═════ DATASET CONTENT
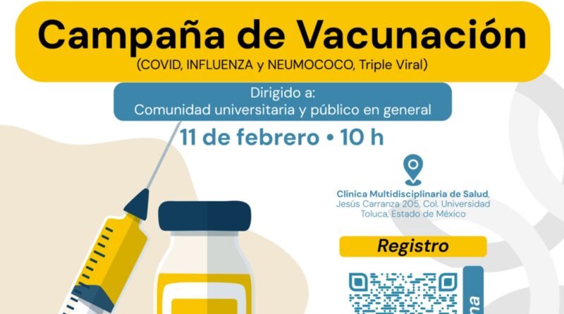 *Toluca, Méx. – La Clínica Multidisciplinaria de Salud (CMS) de la Universidad Autónoma del Estado de México (UAEMéx), dependiente de la Secretaría de Vinculación, Extensión y Promoción de la Empleabilidad, llevará a cabo una campaña de vacunación enfocada en la prevención de enfermedades comunes durante la temporada invernal.
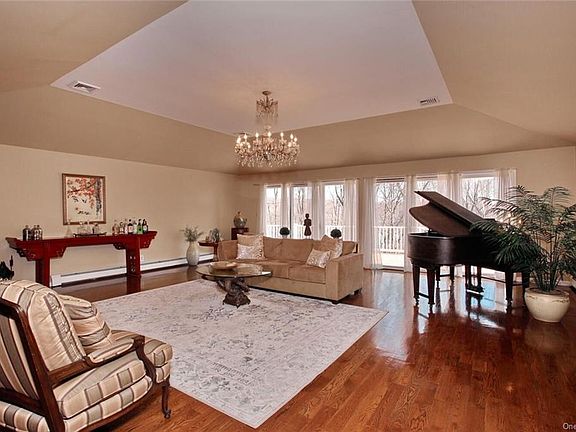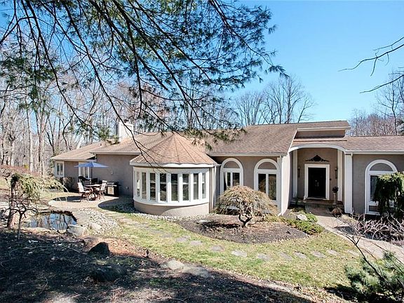 This sprawling Ranch style home has gorgeous seasonal views of the water through the many walls of windows throughout the whole home. The details in this home are breathtaking, you will think you are in a museum when you see the carved doors and stained glass lights. Make sure you click on the tour to see more photos. When you drive down the long driveway and get a glimpse of the views you will immediately feel a sense of peace. The carved wooden doors greet you as you enter the home and welcome you into the grand living room which has an entire wall of windows! It takes your breath away. The massive kitchen has 2 islands and wide plank wood floors, picture yourself eating breakfast while looking out onto the waterfall and fish pond, what a great way to start your day. The den has gorgeous wooden built ins that came from a Brownstone in NYC, the amazing detail on the fireplace and doors will have you mesmerized by it's beauty. The master suite will become your oasis, you can reflect on your day as you admire the water views from your sitting room or soak in the jacuzzi tub while you wash all your cares away. Take the stairs to the basement and find more surprises. There is an entertainment space with 2 sets of sliders that lead to the patio and yard. Perfect space to create your very own home theater. This house offers so much, it is a must see. Welcome to your dream home!
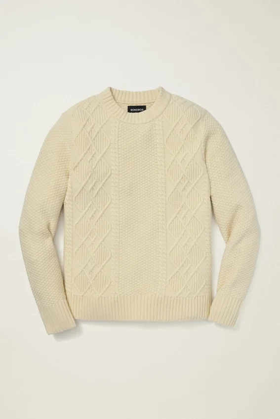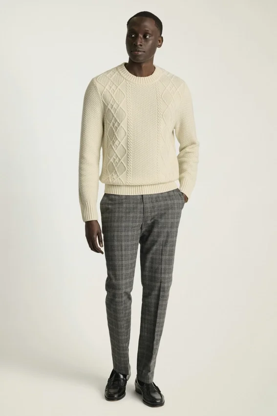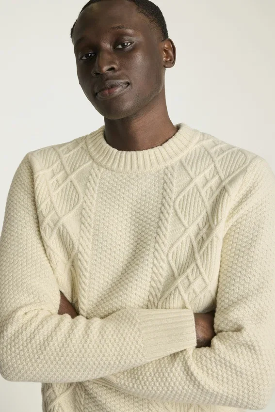 Hilo de mezcla de merino | Punto trenzado en toda la prenda | Tacto grueso | Ribetes acanalados
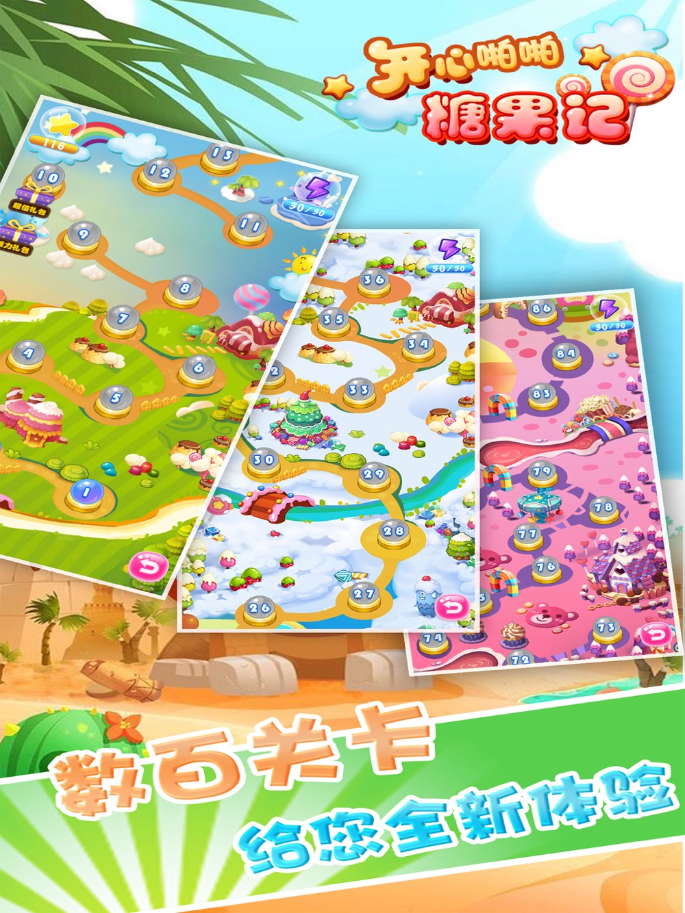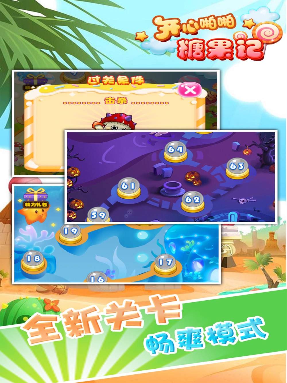 开心啪啪糖果记是一款全新关切给你不一样消除乐趣的糖果类游戏,本作是2000万玩家推荐的全民一起休闲的游戏,本作将采用最畅爽的连线玩法来进行,更有丰富的道具供你使用呢,快来闯关吧。
══════════
* ACTIVITY
These lines alone form the answer: the one containing "This sprawling Ranch" and every line after it through the end of the material, exactly as written, pictures left out.

* EXERCISE OUTPUT
 This sprawling Ranch style home has gorgeous seasonal views of the water through the many walls of windows throughout the whole home. The details in this home are breathtaking, you will think you are in a museum when you see the carved doors and stained glass lights. Make sure you click on the tour to see more photos. When you drive down the long driveway and get a glimpse of the views you will immediately feel a sense of peace. The carved wooden doors greet you as you enter the home and welcome you into the grand living room which has an entire wall of windows! It takes your breath away. The massive kitchen has 2 islands and wide plank wood floors, picture yourself eating breakfast while looking out onto the waterfall and fish pond, what a great way to start your day. The den has gorgeous wooden built ins that came from a Brownstone in NYC, the amazing detail on the fireplace and doors will have you mesmerized by it's beauty. The master suite will become your oasis, you can reflect on your day as you admire the water views from your sitting room or soak in the jacuzzi tub while you wash all your cares away. Take the stairs to the basement and find more surprises. There is an entertainment space with 2 sets of sliders that lead to the patio and yard. Perfect space to create your very own home theater. This house offers so much, it is a must see. Welcome to your dream home!
 Hilo de mezcla de merino | Punto trenzado en toda la prenda | Tacto grueso | Ribetes acanalados
 开心啪啪糖果记是一款全新关切给你不一样消除乐趣的糖果类游戏,本作是2000万玩家推荐的全民一起休闲的游戏,本作将采用最畅爽的连线玩法来进行,更有丰富的道具供你使用呢,快来闯关吧。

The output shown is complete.